SWISS-MODEL is a structural bioinformatics web-server dedicated to homology modeling of 3D protein structures. Homology modeling is currently the most accurate method to generate reliable three-dimensional protein structure models and is routinely used in many practical applications. Homology (or comparative) modelling methods make use of experimental protein structures ("templates") to build models for evolutionary related proteins ("targets").

Today, SWISS-MODEL consists of three tightly integrated components:

(1) The SWISS-MODEL pipeline – a suite of software tools and databases for automated protein structure modelling,

(2) The SWISS-MODEL Workspace – a web-based graphical user workbench,

(3) The SWISS-MODEL Repository – a continuously updated database of homology models for a set of model organism proteomes of high biomedical interest.

SWISS-MODEL pipeline comprises the four main steps that are involved in building a homology model of a given protein structure:

Template selection

The SWISS-MODEL server template library ExPDB is extracted from the PDB. In order to allow a stable and automated workflow of the server, the PDB coordinate files are split into individual protein chains and unreliable entries. Additional information useful for template selection is gathered and added to the file header, e.g. probable quaternary structure, quality indicators like empirical force field energy or ANOLEA mean force potential scores.

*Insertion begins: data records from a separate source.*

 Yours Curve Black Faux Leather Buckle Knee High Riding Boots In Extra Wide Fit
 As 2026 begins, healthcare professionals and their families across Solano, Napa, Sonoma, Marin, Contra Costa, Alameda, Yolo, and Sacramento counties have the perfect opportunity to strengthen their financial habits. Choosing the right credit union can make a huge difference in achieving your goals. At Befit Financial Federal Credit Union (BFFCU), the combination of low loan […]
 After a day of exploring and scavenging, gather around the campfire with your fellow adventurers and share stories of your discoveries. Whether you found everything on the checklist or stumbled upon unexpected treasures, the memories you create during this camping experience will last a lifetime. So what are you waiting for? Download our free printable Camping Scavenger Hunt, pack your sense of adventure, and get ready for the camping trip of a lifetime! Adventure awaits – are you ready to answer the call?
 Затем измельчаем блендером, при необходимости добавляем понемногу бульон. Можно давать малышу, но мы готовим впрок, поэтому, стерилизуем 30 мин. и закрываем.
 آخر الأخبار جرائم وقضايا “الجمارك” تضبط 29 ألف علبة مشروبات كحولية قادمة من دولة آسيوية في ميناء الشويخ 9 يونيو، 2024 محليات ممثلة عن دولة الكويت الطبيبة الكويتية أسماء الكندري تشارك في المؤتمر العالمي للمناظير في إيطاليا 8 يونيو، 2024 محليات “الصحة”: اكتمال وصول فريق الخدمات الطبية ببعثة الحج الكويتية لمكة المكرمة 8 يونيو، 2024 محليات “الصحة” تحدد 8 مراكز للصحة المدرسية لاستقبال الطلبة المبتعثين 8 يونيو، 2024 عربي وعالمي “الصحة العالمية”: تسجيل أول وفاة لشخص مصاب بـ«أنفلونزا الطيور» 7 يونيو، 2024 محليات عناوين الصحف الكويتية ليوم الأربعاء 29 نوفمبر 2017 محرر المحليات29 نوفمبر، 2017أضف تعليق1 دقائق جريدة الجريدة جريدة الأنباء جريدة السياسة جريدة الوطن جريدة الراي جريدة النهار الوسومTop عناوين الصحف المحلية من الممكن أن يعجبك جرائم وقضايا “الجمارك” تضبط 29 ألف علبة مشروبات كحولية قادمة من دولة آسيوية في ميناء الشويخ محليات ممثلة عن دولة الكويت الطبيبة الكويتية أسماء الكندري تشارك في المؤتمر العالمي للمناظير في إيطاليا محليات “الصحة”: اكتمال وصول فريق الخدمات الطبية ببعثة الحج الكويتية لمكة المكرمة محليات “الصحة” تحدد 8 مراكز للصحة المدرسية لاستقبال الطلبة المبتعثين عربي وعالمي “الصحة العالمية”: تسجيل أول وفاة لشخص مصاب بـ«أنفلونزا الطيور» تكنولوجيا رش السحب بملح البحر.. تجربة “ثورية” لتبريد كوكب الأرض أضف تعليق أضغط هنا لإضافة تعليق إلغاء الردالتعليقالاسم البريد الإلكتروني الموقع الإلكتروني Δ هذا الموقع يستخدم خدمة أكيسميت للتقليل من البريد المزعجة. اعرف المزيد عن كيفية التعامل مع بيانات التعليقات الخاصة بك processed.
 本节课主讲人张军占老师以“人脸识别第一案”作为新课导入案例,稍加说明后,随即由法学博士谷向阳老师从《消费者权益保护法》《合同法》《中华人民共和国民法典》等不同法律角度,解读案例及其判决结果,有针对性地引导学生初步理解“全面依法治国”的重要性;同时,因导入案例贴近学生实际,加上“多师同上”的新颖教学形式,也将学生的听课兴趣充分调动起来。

Up to five template structures per batch are superposed using an iterative least squares algorithm. A structural alignment is generated after removing incompatible templates, i.e. omitting structures with high Cα root mean square deviations to the first template. A local pair-wise alignment of the target sequence to the main template structures is calculated, followed by a heuristic step to improve the alignment for modeling purposes. The placement of insertions and deletions is optimized considering the template structure context.

Model building

To generate the core of the model, the backbone atom positions of the template structure are averaged. The templates are thereby weighted by their sequence similarity to the target sequence, while significantly deviating atom positions are excluded. The template coordinates cannot be used to model regions of insertions or deletions in the target-template alignment. To generate those parts, an ensemble of fragments compatible with the neighboring stems is constructed using constraint space programming (CSP). The best loop is selected using a scoring scheme, which accounts for force field energy, steric hindrance and favorable interactions like hydrogen bond formation. If no suitable loop can be identified, the flanking residues are included to the rebuilt fragment to allow for more flexibility.

Side chain modeling

The reconstruction of the model side chains is based on the weighted positions of corresponding residues in the template structures. Starting with conserved residues, the model side chains are built by iso-sterically replacing template structure side chains. Possible side chain conformations are selected from a backbone dependent rotamer library, which has been constructed carefully taking into account the quality of the source structures. A scoring function assessing favorable interactions (hydrogen bonds, disulfide bridges) and unfavorably close contacts is applied to select the most likely conformation.

Energy minimization

Deviations in the protein structure geometry, which have been introduced by the modeling algorithm when joining rigid fragments are regularized in the last modeling step by steepest descent energy minimization using the GROMOS96 force field. Empirical force fields are useful to detect parts of the model with conformational errors. In our own experience and the work of others, energy minimization or molecular dynamics methods are in general not able to improve the accuracy of the models, and are used in SWISS-MODEL only to regularize the structure.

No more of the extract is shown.